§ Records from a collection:
-*-*-
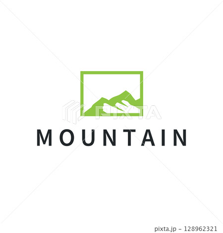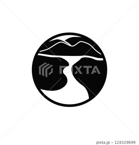 A cool, simple, minimalist mountain logo concept for natural scenery and beautiful black silhouettes of nature, design for poster illustration template or business product brand.
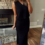 Luella Black Knit Sleeveless V-neck Tank & Maxi Skirt Set
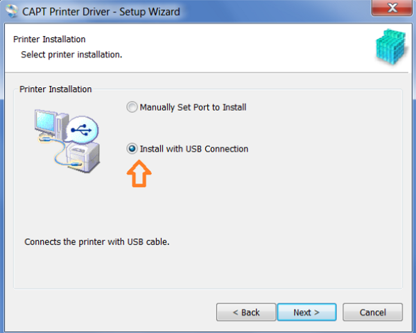 Chạy file -> Next -> Chọn Yes -> chọn Install with USB connect ( là cổng kết nối máy in với laptop bằng cáp USB )
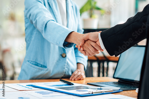 Close-up two business men holding hands, Two businessmen are agreeing on business together and shaking hands after a successful negotiation. Handshaking is a Western greeting or congratulation.
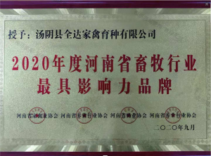 • 2020年度河南省畜牧行業最具影響力品牌
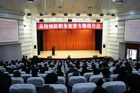 11月8日上午,结合党的群众路线教育实践活动和全省开展的正风肃纪活动,由省检察院、省委教育工委举办的高校预防职务犯罪专题报告会在伟德温江校区百会堂举行,对党员干部进行法纪宣传、警示教育。来自伟德源自英国1946、电子科技大学、西南财经大学、四川农业大学、成都体育学院等在蓉的11所高校分管基建的校领导,学校职能处室、二级院系干部共380余人参加报告会。 伟德全体在家校领导、处科级以上领导干部及规建、人事、设备、财务、后勤等重点岗位责任人180余人参加了会议。
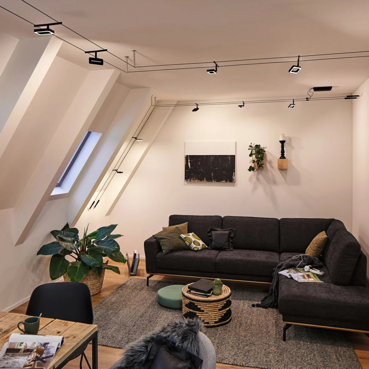 Das Seilsystem Frame wird anschlussfertig als Komplettset aus Seil, Trafo und fünf eckigen Leuchten geliefert. Die als rechteckige Rahmen gestalteten Einzelleuchten lassen sich nicht nur an beliebiger Stelle am Seil positionieren, sondern auch drehen und schwenken, so dass die einzelnen Leuchten in verschiedene Richtungen strahlen können. Das macht ein Seilsystem zur idealen Leuchte für lange Flure oder verwinkelte Räume. Das Seilsystem Frame kann an der Decke, aber auch an einer Dachschräge oder an der Wand montiert werden. Es ist mit energieeffizienten, warmweiß leuchtenden LEDs bestückt und ist damit eine zeitgemäße und energiesparende Lichtquelle zur Grundbeleuchtung eines Raumes.
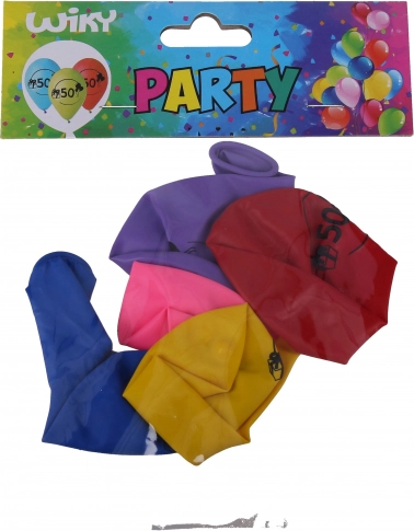 Dodajte svojej oslave 50. narodenín či výročia výrazný akcent. Balóny s priemerom 30 cm s potlačou 50 v atraktívnom mixe farieb sa stanú neprehliadnuteľnou súčasťou výzdoby a vytvoria slávnostnú atmosféru v priebehu chvíľky.
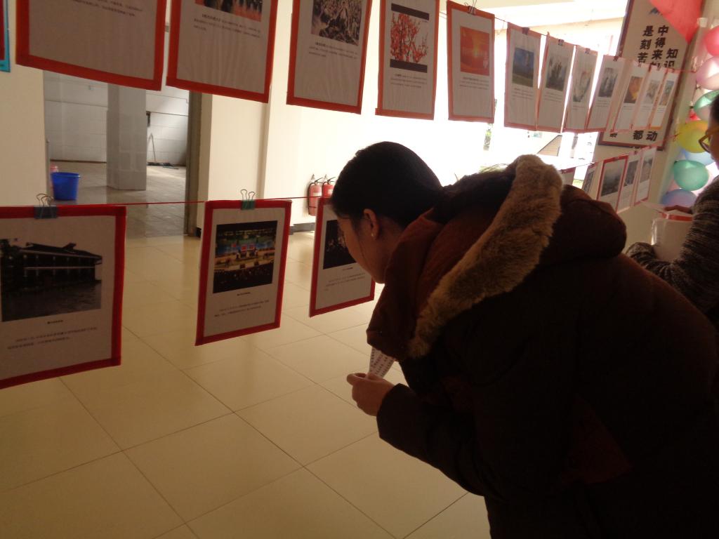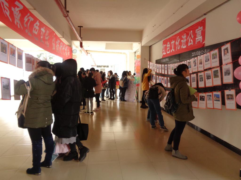 为深入开展“红色文化进公寓”示范点创建活动,充分挖掘宿舍文化育人功能,营造浓厚学习氛围,积极主动占领学生思想阵地,我院于12月份依托学生之家开展“红色文化”主题图片展活动。图片展共分为五个专题,分别是“党的历史进程”、“优秀红歌”、“历届人民代表大会”、“新时期优秀党员先进事迹”和“纪念抗战胜利70周年大阅兵”,每个主题图片在展览期间都有工作人员对参观同学进行一一讲解,积极传递正能量。全部图片展出之后,我院在4栋宿舍楼大厅开展有奖知识竞答活动,争取通过此次竞答活动巩固图片展宣传效果,使同学们充分地了解党史,了解中国共产党的优秀文化,激发起同学们的爱国、爱党热情,大力弘扬中国优秀红色文化,使“红色文化”入脑、入心、入行。
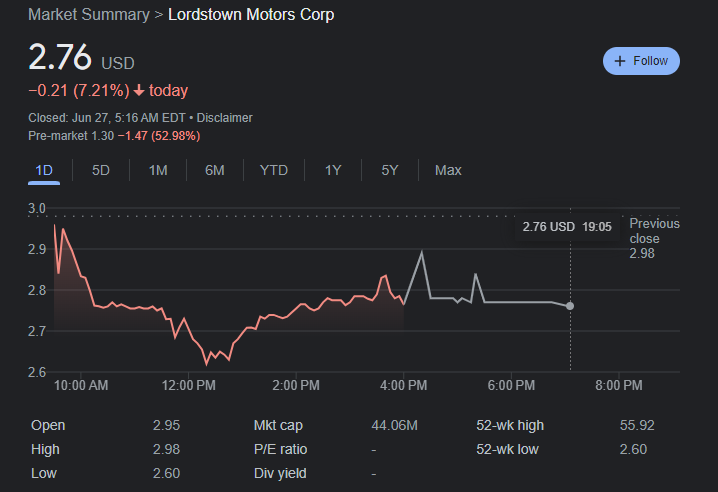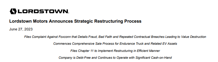 当地时间周二(6月27日),电动汽车初创公司洛兹敦汽车(Lordstown Motors)在官网宣布,已向美国特拉华州破产法院申请启动破产重组程序。
-*-*-
§ Exercise details:
What you return should be only the exact lines from the top of the entries through the line with "11月8日上午,结合党的群众", minus the pictures.

§ Response area:
 A cool, simple, minimalist mountain logo concept for natural scenery and beautiful black silhouettes of nature, design for poster illustration template or business product brand.
 Luella Black Knit Sleeveless V-neck Tank & Maxi Skirt Set
 Chạy file -> Next -> Chọn Yes -> chọn Install with USB connect ( là cổng kết nối máy in với laptop bằng cáp USB )
 Close-up two business men holding hands, Two businessmen are agreeing on business together and shaking hands after a successful negotiation. Handshaking is a Western greeting or congratulation.
 • 2020年度河南省畜牧行業最具影響力品牌
 11月8日上午,结合党的群众路线教育实践活动和全省开展的正风肃纪活动,由省检察院、省委教育工委举办的高校预防职务犯罪专题报告会在伟德温江校区百会堂举行,对党员干部进行法纪宣传、警示教育。来自伟德源自英国1946、电子科技大学、西南财经大学、四川农业大学、成都体育学院等在蓉的11所高校分管基建的校领导,学校职能处室、二级院系干部共380余人参加报告会。 伟德全体在家校领导、处科级以上领导干部及规建、人事、设备、财务、后勤等重点岗位责任人180余人参加了会议。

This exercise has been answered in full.